# RECORDED INFORMATION:
◇ ◇ ◇ ◇ ◇ ◇ ◇
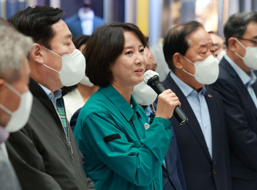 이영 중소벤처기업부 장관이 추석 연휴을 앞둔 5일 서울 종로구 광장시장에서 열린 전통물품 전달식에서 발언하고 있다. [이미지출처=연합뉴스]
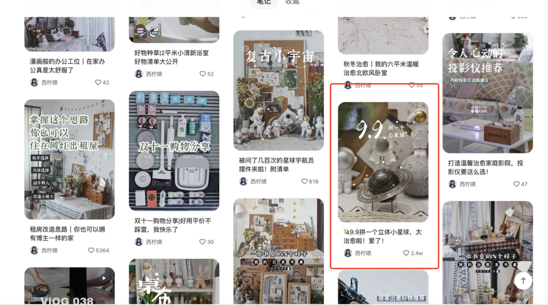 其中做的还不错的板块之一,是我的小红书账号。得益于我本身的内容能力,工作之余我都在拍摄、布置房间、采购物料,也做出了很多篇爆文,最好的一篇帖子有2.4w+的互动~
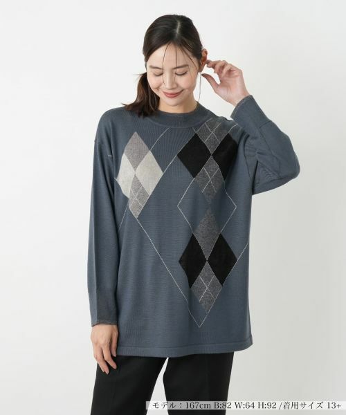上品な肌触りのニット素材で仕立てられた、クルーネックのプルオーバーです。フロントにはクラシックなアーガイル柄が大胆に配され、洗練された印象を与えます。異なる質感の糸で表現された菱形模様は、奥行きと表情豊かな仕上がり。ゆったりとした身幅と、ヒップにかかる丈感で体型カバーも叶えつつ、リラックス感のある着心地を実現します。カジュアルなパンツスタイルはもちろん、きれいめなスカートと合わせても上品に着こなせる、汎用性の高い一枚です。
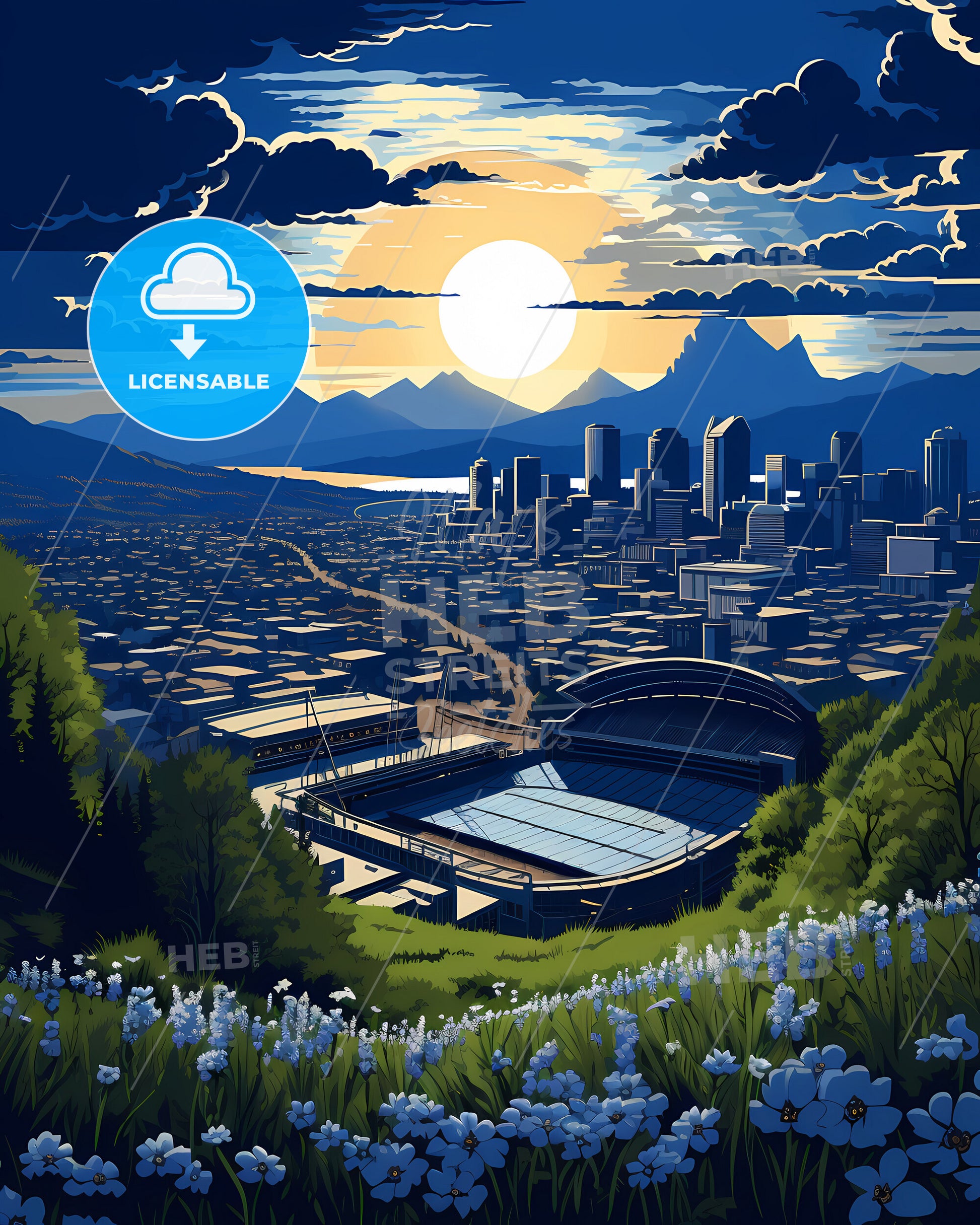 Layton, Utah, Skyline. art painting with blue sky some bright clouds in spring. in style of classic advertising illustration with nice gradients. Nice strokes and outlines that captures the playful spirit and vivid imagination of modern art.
◇ ◇ ◇ ◇ ◇ ◇ ◇
# DIRECTIONS FOR THIS TASK:
Copy out the data above exactly, except the pictures.

# SOLUTION TO THE EXERCISE:
 이영 중소벤처기업부 장관이 추석 연휴을 앞둔 5일 서울 종로구 광장시장에서 열린 전통물품 전달식에서 발언하고 있다. [이미지출처=연합뉴스]
 其中做的还不错的板块之一,是我的小红书账号。得益于我本身的内容能力,工作之余我都在拍摄、布置房间、采购物料,也做出了很多篇爆文,最好的一篇帖子有2.4w+的互动~
上品な肌触りのニット素材で仕立てられた、クルーネックのプルオーバーです。フロントにはクラシックなアーガイル柄が大胆に配され、洗練された印象を与えます。異なる質感の糸で表現された菱形模様は、奥行きと表情豊かな仕上がり。ゆったりとした身幅と、ヒップにかかる丈感で体型カバーも叶えつつ、リラックス感のある着心地を実現します。カジュアルなパンツスタイルはもちろん、きれいめなスカートと合わせても上品に着こなせる、汎用性の高い一枚です。
 Layton, Utah, Skyline. art painting with blue sky some bright clouds in spring. in style of classic advertising illustration with nice gradients. Nice strokes and outlines that captures the playful spirit and vivid imagination of modern art.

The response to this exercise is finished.